→ **Task to complete**
Would you please repeat exactly the entries below, starting at the line with "装备部件:装备部件一共有8个" and ending at the line with "Магнитный Корректор осанки", and nothing outside that range? Leave out the pictures.

*** Opening of Records supplied ***

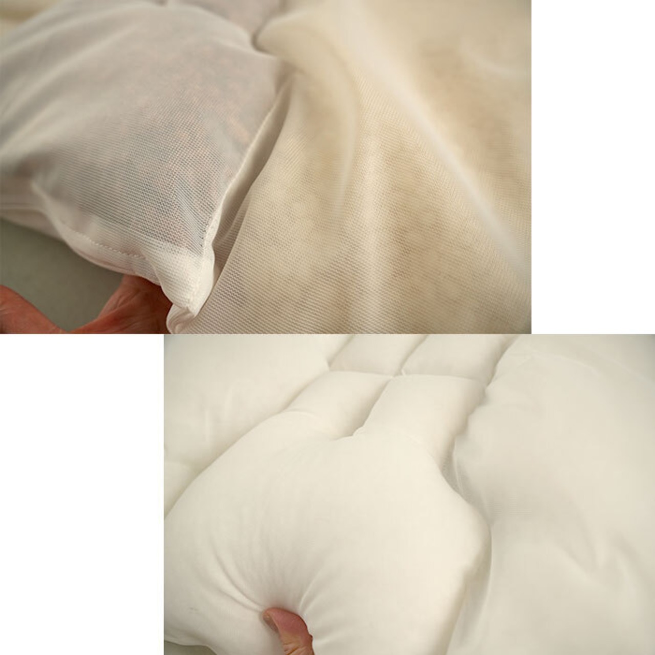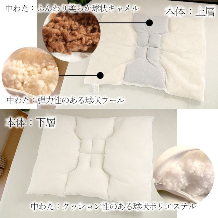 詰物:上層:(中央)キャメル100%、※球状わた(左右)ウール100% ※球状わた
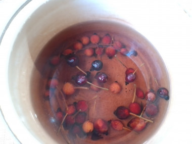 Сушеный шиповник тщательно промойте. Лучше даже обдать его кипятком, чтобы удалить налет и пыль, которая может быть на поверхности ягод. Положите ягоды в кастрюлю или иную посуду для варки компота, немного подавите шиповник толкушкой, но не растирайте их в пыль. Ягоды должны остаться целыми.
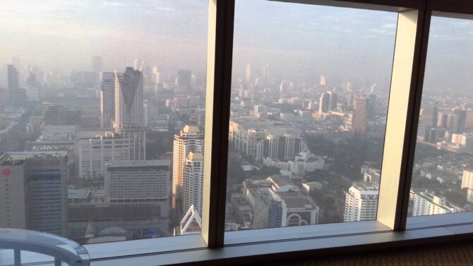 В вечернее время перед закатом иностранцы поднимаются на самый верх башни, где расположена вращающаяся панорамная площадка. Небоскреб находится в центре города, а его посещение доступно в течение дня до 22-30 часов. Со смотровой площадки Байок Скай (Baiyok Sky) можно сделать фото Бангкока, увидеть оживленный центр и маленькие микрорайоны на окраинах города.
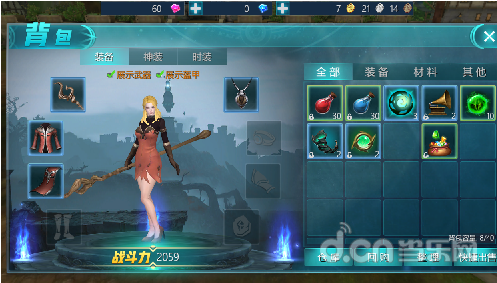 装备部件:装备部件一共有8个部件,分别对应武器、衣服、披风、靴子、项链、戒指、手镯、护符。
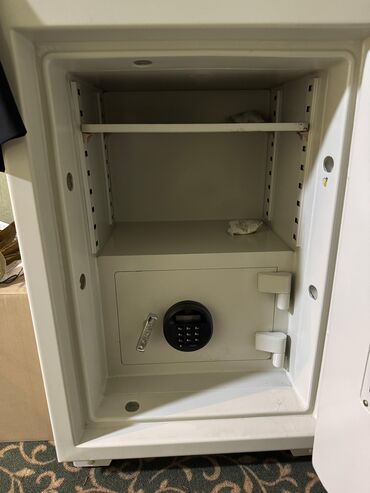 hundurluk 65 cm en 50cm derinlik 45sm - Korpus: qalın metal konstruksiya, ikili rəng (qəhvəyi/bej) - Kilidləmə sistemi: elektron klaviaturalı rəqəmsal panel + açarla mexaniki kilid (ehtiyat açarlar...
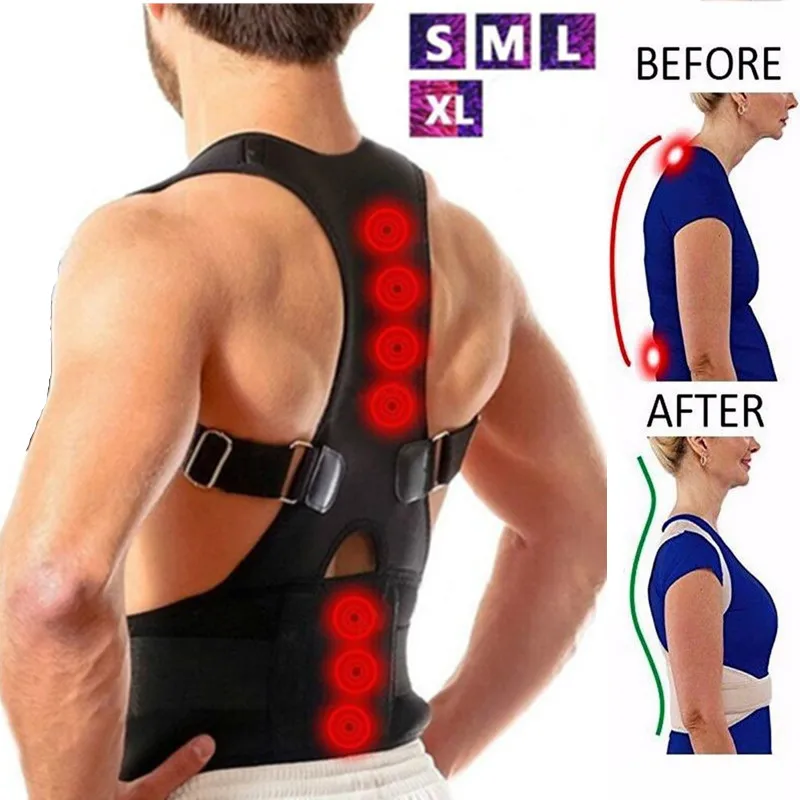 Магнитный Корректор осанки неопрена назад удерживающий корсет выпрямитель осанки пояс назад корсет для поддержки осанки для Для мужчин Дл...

*** Close of Records supplied ***
*** Opening of Records supplied ***

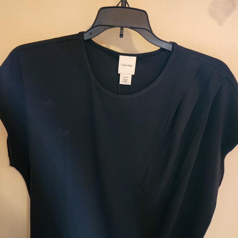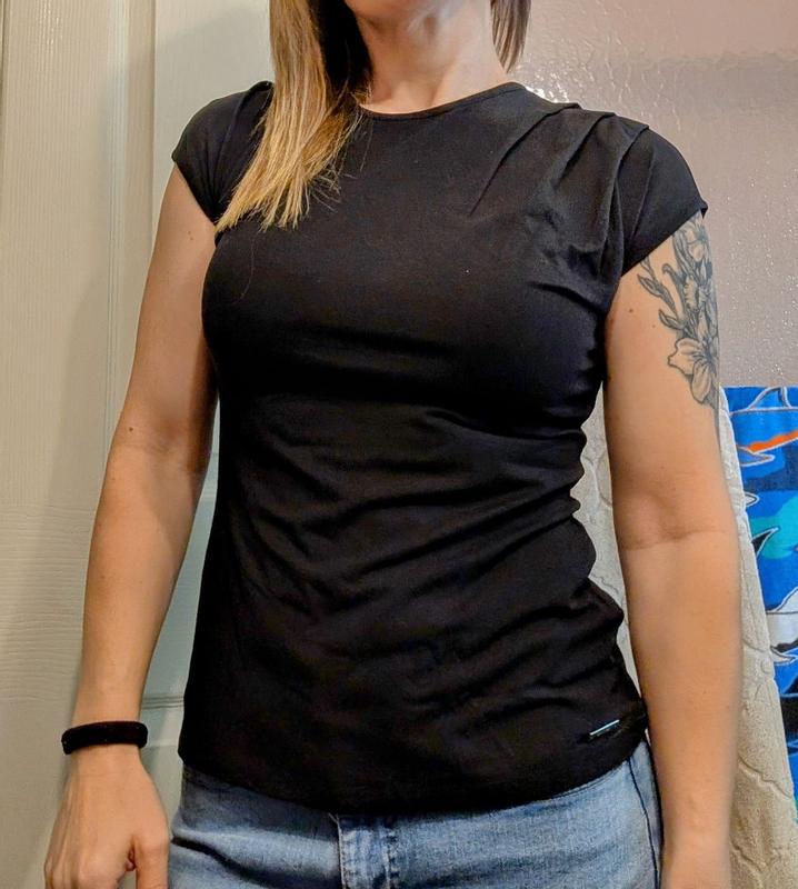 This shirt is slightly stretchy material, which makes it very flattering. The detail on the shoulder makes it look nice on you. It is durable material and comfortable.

*** Close of Records supplied ***
*** Opening of Records supplied ***

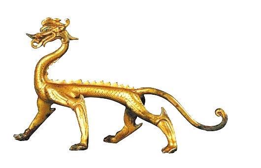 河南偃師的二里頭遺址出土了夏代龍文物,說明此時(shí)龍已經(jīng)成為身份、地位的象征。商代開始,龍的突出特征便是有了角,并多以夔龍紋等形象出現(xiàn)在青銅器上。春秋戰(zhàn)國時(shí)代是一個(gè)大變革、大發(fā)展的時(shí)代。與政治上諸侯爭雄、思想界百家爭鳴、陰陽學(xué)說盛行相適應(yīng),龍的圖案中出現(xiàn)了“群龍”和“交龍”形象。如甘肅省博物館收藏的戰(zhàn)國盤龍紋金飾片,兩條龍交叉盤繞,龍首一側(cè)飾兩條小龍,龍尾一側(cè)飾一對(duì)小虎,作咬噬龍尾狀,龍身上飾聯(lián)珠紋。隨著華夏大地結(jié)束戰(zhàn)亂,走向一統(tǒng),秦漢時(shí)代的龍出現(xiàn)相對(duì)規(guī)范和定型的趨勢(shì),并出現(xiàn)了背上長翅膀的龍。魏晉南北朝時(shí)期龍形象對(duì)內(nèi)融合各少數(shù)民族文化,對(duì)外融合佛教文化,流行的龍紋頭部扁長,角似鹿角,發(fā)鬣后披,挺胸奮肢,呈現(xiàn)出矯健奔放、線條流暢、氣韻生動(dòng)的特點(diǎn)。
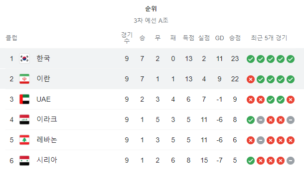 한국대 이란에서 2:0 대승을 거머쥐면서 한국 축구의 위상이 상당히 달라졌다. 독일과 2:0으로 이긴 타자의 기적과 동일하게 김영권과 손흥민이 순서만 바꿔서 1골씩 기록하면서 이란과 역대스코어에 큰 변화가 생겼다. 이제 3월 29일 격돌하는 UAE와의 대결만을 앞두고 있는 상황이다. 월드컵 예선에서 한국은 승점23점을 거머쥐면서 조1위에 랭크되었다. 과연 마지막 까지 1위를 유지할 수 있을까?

*** Close of Records supplied ***

→ **Task result**
 装备部件:装备部件一共有8个部件,分别对应武器、衣服、披风、靴子、项链、戒指、手镯、护符。
 hundurluk 65 cm en 50cm derinlik 45sm - Korpus: qalın metal konstruksiya, ikili rəng (qəhvəyi/bej) - Kilidləmə sistemi: elektron klaviaturalı rəqəmsal panel + açarla mexaniki kilid (ehtiyat açarlar...
 Магнитный Корректор осанки неопрена назад удерживающий корсет выпрямитель осанки пояс назад корсет для поддержки осанки для Для мужчин Дл...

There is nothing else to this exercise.